Data block —
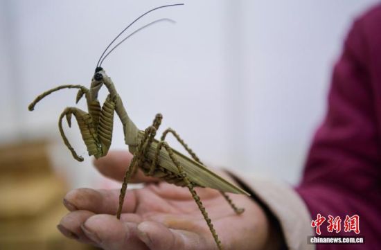 12月26日,手工藝人展示草編“螳螂”。中新社記者 張勇 攝
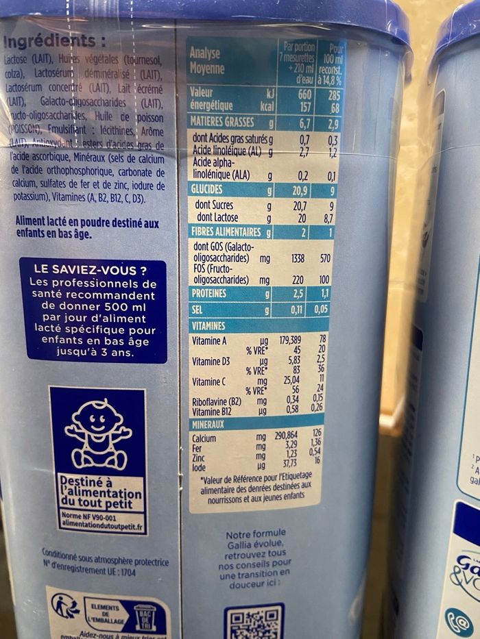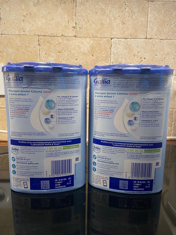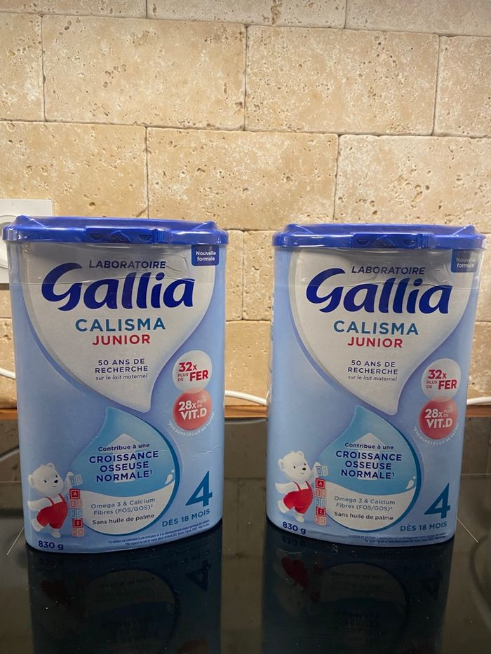 Je vends deux boîtes de lait de croissance 4 Calisma Junior des laboratoires GALLIA car mon fils n’en veut plus… (dès 18 mois) Date de péremption : 28/08/2026
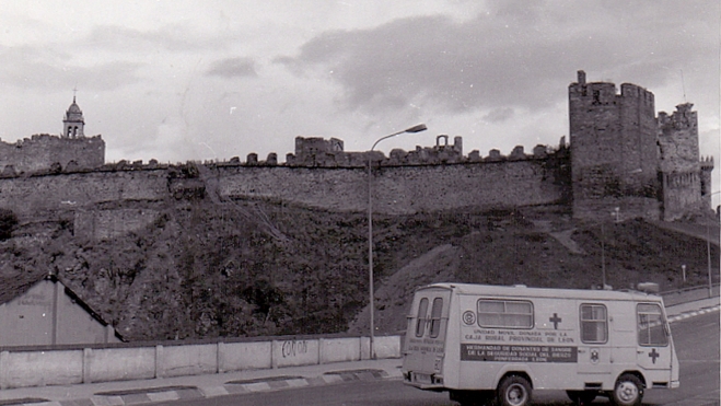 ICAL . Una de las antiguas unidades móviles de extracción de la Hermandad de Donantes de Sangre del Bierzo junto al Castillo de los Templarios de Ponferrada
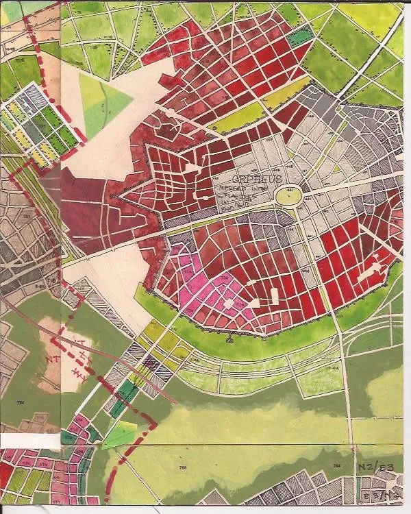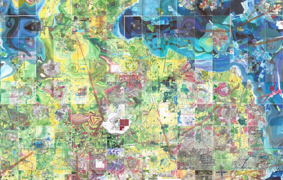 格雷茨辛格不断地逐块重新制作地图,遵循他从手工制作的卡片组中随机选择的一套复杂指令。这些指令告诉他何时需要重新绘制或重画某些特征,何时在农村地区添加“开发”,或在特定区域叠加新的拼贴。尽管这张地图最初是一个虚构地点的非常字面表现,但它已经演变成更具艺术性和抽象性的东西。结果是一幅明亮、有机的色彩、形状和文字的拼布,伴随着黑、白和灰色的尖锐块状干扰——这是格雷茨辛格最近逐渐引入卡片组中的一种神秘指令,他称之为“空洞”。

Description of the task — Repeat the material above exactly; any picture in it is left out.

Response —
 12月26日,手工藝人展示草編“螳螂”。中新社記者 張勇 攝
 Je vends deux boîtes de lait de croissance 4 Calisma Junior des laboratoires GALLIA car mon fils n’en veut plus… (dès 18 mois) Date de péremption : 28/08/2026
 ICAL . Una de las antiguas unidades móviles de extracción de la Hermandad de Donantes de Sangre del Bierzo junto al Castillo de los Templarios de Ponferrada
 格雷茨辛格不断地逐块重新制作地图,遵循他从手工制作的卡片组中随机选择的一套复杂指令。这些指令告诉他何时需要重新绘制或重画某些特征,何时在农村地区添加“开发”,或在特定区域叠加新的拼贴。尽管这张地图最初是一个虚构地点的非常字面表现,但它已经演变成更具艺术性和抽象性的东西。结果是一幅明亮、有机的色彩、形状和文字的拼布,伴随着黑、白和灰色的尖锐块状干扰——这是格雷茨辛格最近逐渐引入卡片组中的一种神秘指令,他称之为“空洞”。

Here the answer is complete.